Eu ainda estava no segundo ano da universidade, quando um professor visitante veio dar aula de computer algorithms. Naquela época, não tínhamos ideia de como a palavra algoritmo viria a fazer parte do nosso cotidiano e dividir o mundo (já assistiram ao documentário ‘O dilema das redes sociais’? Em outro momento, a gente fala sobre isso).
Voltando ao professor, ele era o Daniel Cohen – médico, cientista da computação, escritor. Sujeito brilhante. Falava oito idiomas, tinha o raciocínio muito veloz, um cara realmente sagaz. Cativava a todos com apresentações que eram desafios intelectuais.
Dr. Cohen fez algo inusitado: convidou cada aluno para reuniões individuais. Lembro de ter pensando: ele ficará aqui por apenas um semestre. Por que se dar ao trabalho de nos conhecer fora da sala de aula? Na nossa conversa, ele perguntou o que eu pretendia fazer depois de formado. Eu tinha apenas 18 anos e estava me divertindo com a recém-obtida liberdade da vida universitária. A resposta foi algo como ‘Ainda está muito cedo para pensar nisso!´.

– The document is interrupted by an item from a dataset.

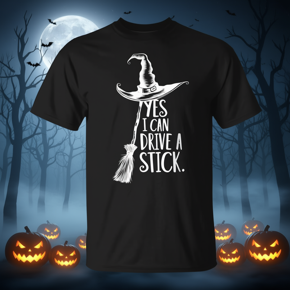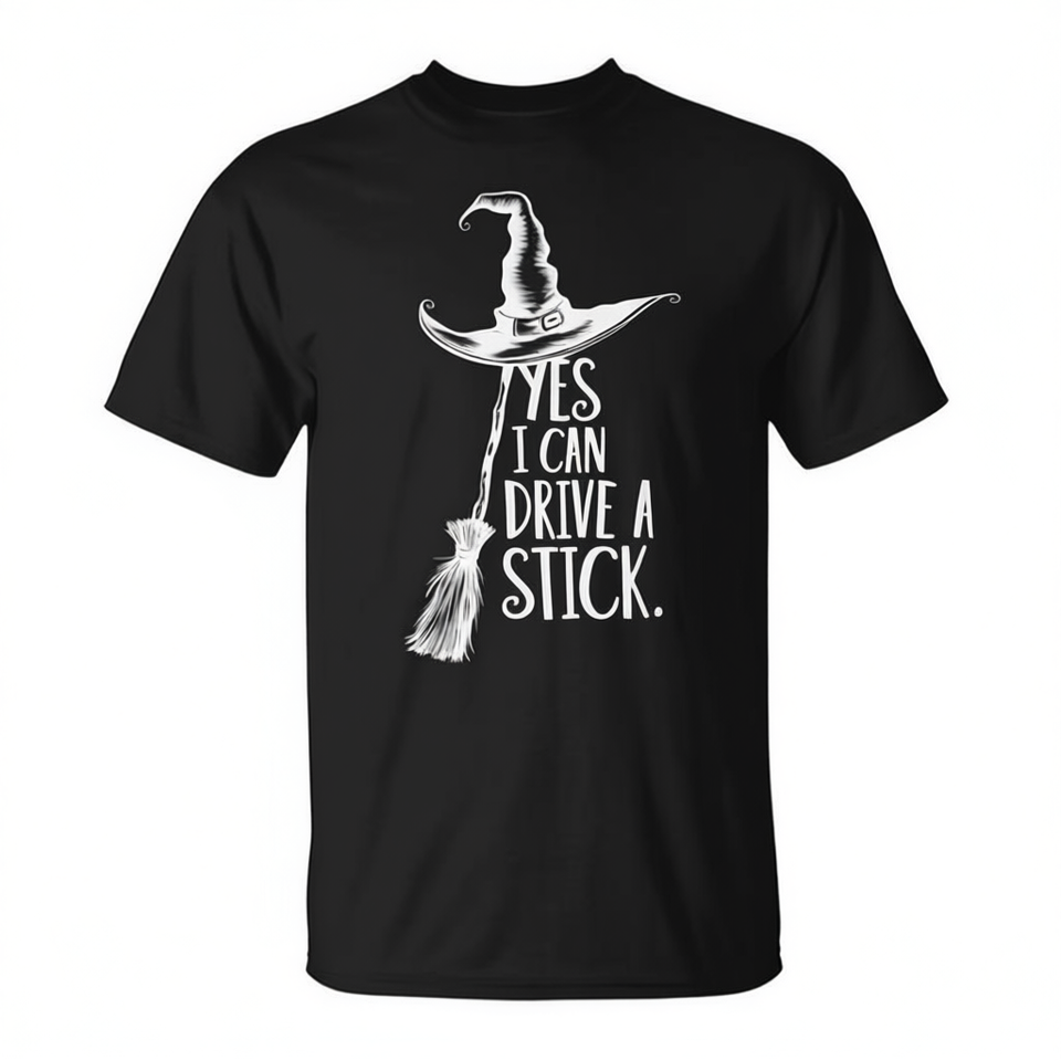 ใช่ฉันสามารถขับเสื้อยืดลายแม่มดฮาโลวีนสำหรับผู้ใหญ่ทุกเพศเสื้อแขนสั้นคอกลมผ้าไหมพิมพ์สกรีนลาย

Olhando bem fundo nos meus olhos semi-adolescentes, o mestre disparou: `Se você não sabe onde quer chegar, vai ser difícil ser bem-sucedido!’. Foi uma sacudida. Desde então, mantenho uma lista de objetivos pessoais que reviso regularmente. E mais importante: planejo e executo as ações para chegar lá.
Meu primeiro trabalho foi em um banco de investimento. Lá conheci o Zé Baixinho (naquela época chamá-lo assim não era bullying). Que personagem! Em um ambiente de alta performance e pressão por resultados, estava sempre com um sorriso no rosto e um comentário irônico engatilhado. Todos gostavam dele. Era da área comercial e tinha os melhores resultados, mesmo mal sabendo usar uma calculadora. Trabalhávamos em open space e, um dia, o colega apontou para a sua mesa, onde havia apenas um computador e um rolodex (dá uma googlada aí para ver o que era).
No encosto da cadeira, o paletó. Ele abriu as gavetas. Vazias. Sobre a mesa, nenhum item pessoal, nem uma única foto. Foi quando Zé Baixinho se virou para mim e comentou, apontando pro rolodex: `O dia que eu encher o saco daqui, pego o meu item mais valioso e vou pra casa.´
Um desapego total ao sobrenome corporativo. Uma autoconfiança e clareza do que realmente lhe ajudava a ser bem-sucedido: a sua rede de relacionamentos. O episódio me fez olhar para o trabalho sob uma nova perspectiva, a da independência.
E tem ainda uma terceira história sobre conselhos que impactaram a construção do meu futuro corporativo. Normam me levou para ser diretor de RH. Seis meses depois de eu ter começado na British Petroleum, ele me telefona num sábado. Ferrou, pensei. Era uma época em que não se tratava de assuntos ligados a trabalho aos finais de semana.
Ele se desculpou pela ligação: ‘Só para dizer que acabo de fazer 50 anos e vou me aposentar. Estou voltando para os EUA e vou viver no meu rancho no Colorado’. Foi um choque. Cedo assim? E toda aquela gente à minha volta trabalhando até morrer, e na mesma empresa…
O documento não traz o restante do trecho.